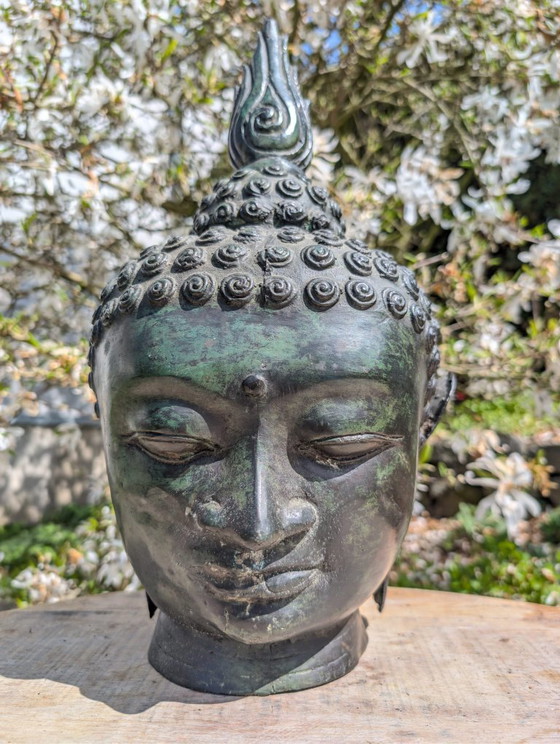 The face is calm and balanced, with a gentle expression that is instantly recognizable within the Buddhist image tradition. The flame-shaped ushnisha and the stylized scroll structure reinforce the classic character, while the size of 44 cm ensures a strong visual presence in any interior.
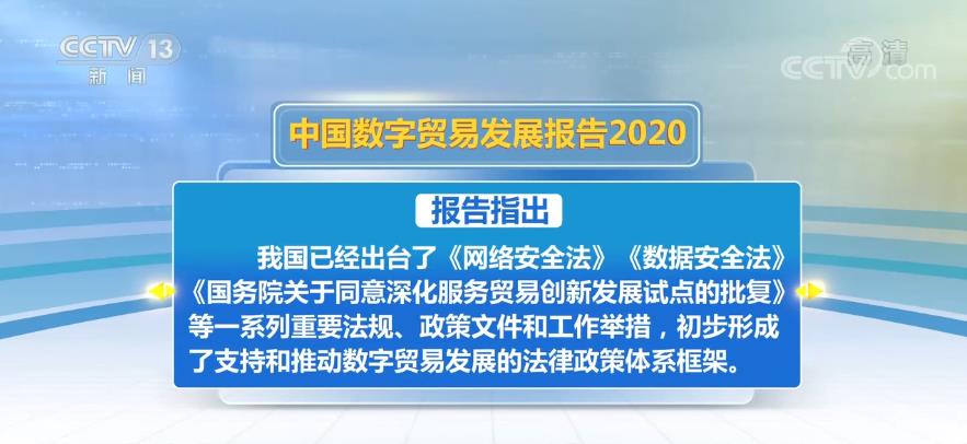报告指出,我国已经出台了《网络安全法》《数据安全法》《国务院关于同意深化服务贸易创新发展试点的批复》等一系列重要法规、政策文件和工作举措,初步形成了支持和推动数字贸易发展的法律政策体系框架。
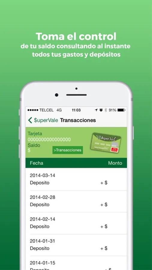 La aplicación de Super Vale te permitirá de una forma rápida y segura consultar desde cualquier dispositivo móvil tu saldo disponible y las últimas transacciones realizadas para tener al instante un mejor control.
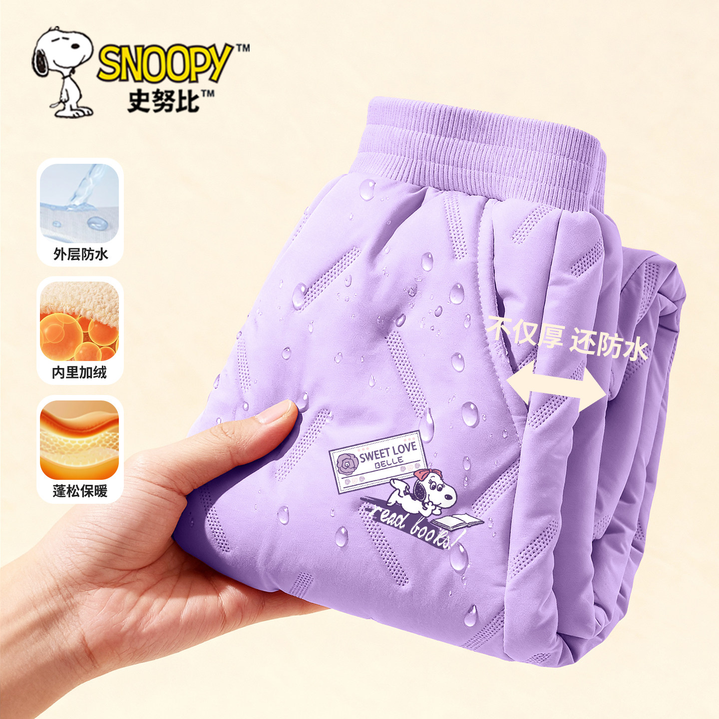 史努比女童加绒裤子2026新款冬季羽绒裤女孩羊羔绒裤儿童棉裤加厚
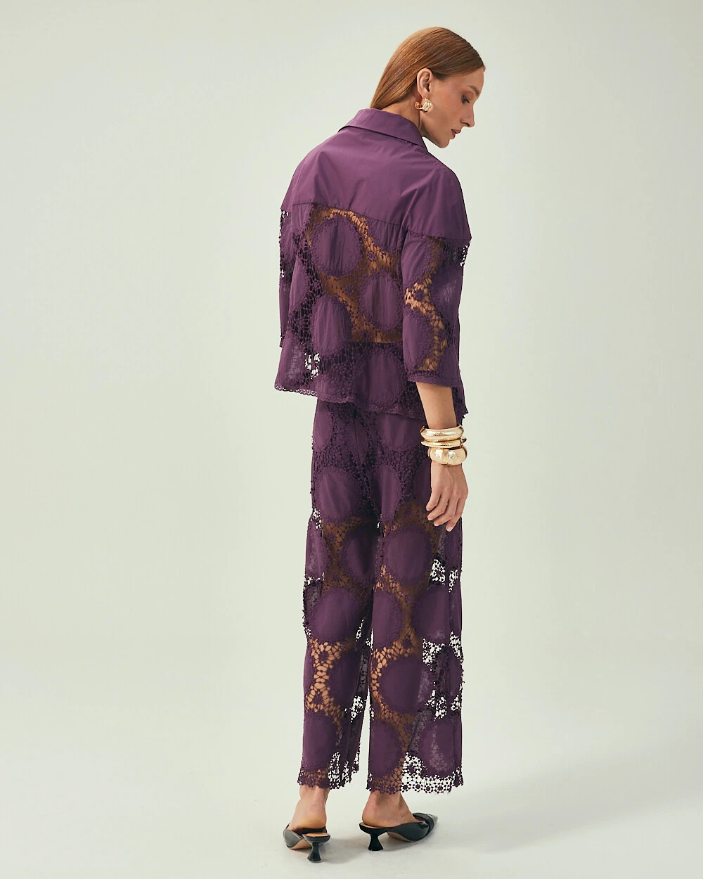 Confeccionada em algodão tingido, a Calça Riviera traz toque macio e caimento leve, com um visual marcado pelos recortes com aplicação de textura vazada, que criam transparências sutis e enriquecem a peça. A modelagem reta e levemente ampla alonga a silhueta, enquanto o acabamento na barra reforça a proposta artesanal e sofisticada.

★ ★ ★ ★ ★ ★ ★

ACTIVITY: An exact restatement is expected of the lines from the line containing "史努比女童加绒裤子2026新款冬季羽绒裤女孩羊羔绒裤儿童棉裤加厚" to the end of the data above, pictures excluded.

RESULT OF THIS EXERCISE:
 史努比女童加绒裤子2026新款冬季羽绒裤女孩羊羔绒裤儿童棉裤加厚
 Confeccionada em algodão tingido, a Calça Riviera traz toque macio e caimento leve, com um visual marcado pelos recortes com aplicação de textura vazada, que criam transparências sutis e enriquecem a peça. A modelagem reta e levemente ampla alonga a silhueta, enquanto o acabamento na barra reforça a proposta artesanal e sofisticada.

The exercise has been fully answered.